__TASK DIRECTIONS__. Below are some records. Retype exactly the lines from the one containing "De voorzijde toont" through the one containing "On the afternoon", both included, skipping every picture.

__SUPPLIED MATERIAL__.

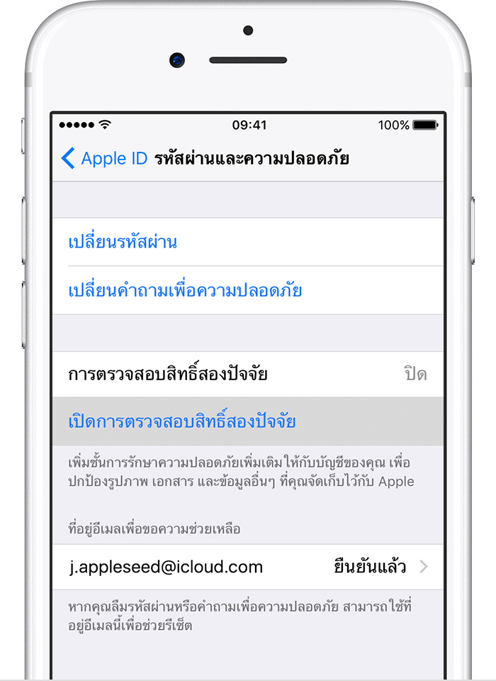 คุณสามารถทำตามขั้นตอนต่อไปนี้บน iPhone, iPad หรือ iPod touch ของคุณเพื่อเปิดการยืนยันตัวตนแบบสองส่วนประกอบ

---

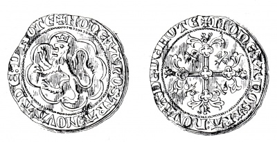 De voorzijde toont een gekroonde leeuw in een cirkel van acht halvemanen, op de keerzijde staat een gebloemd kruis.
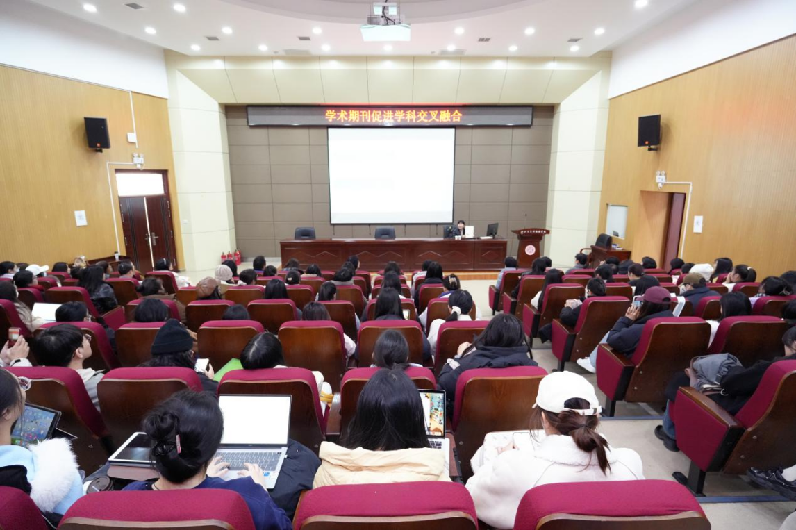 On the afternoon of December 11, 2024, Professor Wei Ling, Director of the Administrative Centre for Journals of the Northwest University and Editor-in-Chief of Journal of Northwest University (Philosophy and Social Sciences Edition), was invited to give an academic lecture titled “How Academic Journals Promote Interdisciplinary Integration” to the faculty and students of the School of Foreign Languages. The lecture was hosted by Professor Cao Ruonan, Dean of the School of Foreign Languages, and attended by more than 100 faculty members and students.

__OUTPUT OF THE EXERCISE__.
 De voorzijde toont een gekroonde leeuw in een cirkel van acht halvemanen, op de keerzijde staat een gebloemd kruis.
 On the afternoon of December 11, 2024, Professor Wei Ling, Director of the Administrative Centre for Journals of the Northwest University and Editor-in-Chief of Journal of Northwest University (Philosophy and Social Sciences Edition), was invited to give an academic lecture titled “How Academic Journals Promote Interdisciplinary Integration” to the faculty and students of the School of Foreign Languages. The lecture was hosted by Professor Cao Ruonan, Dean of the School of Foreign Languages, and attended by more than 100 faculty members and students.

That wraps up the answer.